• _What to do_
Transcribe verbatim the span of lines that opens with the line containing "Ostatni koncert w" and closes with the last line of the data below.

• _Provided data_
....

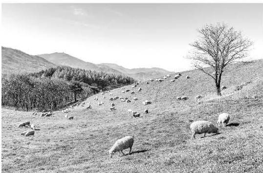
▲ 대상작 '힐링타임' (김재은)

농림축산식품부(장관 정황근, 이하 농식품부)와 (사)친환경축산협회(회장 이덕선)이 '2023 친환경축산 교육·홍보 사업'의 일환으로 개최한 '여행으로 만나는 아름다운 축산농장 사진공모전'의 수상작을 선정, 발표했다. '여행으로 만나는 아름다운 축산농장 사진공모전'은 유기축산물 인증 농장 혹은 방목생태 축산 지정농장에서 촬영한 목장의 아름다운 경관 사진을 주제로 실시됐다. 4월 28일부터 6월 30일까지 약 2달간 작품을 공모한 이번 사진공모전에는 150여점의 사진 작품이 접수되는 등 많은 관심을 받았다. 접수된 사진작품들은 사진 및 축산 전문가 5인으로 이뤄진 심사위원단의 1차 심사를 거쳐 25점의 우수작이 선정됐으며, 해당 우수작들을 대상으로 8월 4일부터 9월 17일까지 약 6주간 실시한 대국민 투표(2차 심사)를 거쳐 상위 8점의 수상작이 가려졌다. 대상은 심사위원 점수와 대국민 투표에서 모두 1위를 차지한 '힐
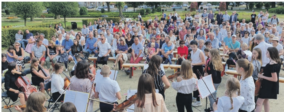
Ostatni koncert w parku przy Al. Jana Pawła II zgromadził sporą widownię

O godz. 17.00 do pałacu przybędzie król August II Mocny, a pół godziny później wysłuchać będzie można opery Telemanna „Pimpinone” w znakomitym wykonaniu Krakowskiej Opery Kameralnej. Coś takiego nie zdarza się na co dzień, więc na pewno warto wybrać się do pałacu w sobotnie popołudnie. Bramy zamkną się o godz. 19.00. ATB

....

• _Output for this exercise_
Ostatni koncert w parku przy Al. Jana Pawła II zgromadził sporą widownię

O godz. 17.00 do pałacu przybędzie król August II Mocny, a pół godziny później wysłuchać będzie można opery Telemanna „Pimpinone” w znakomitym wykonaniu Krakowskiej Opery Kameralnej. Coś takiego nie zdarza się na co dzień, więc na pewno warto wybrać się do pałacu w sobotnie popołudnie. Bramy zamkną się o godz. 19.00. ATB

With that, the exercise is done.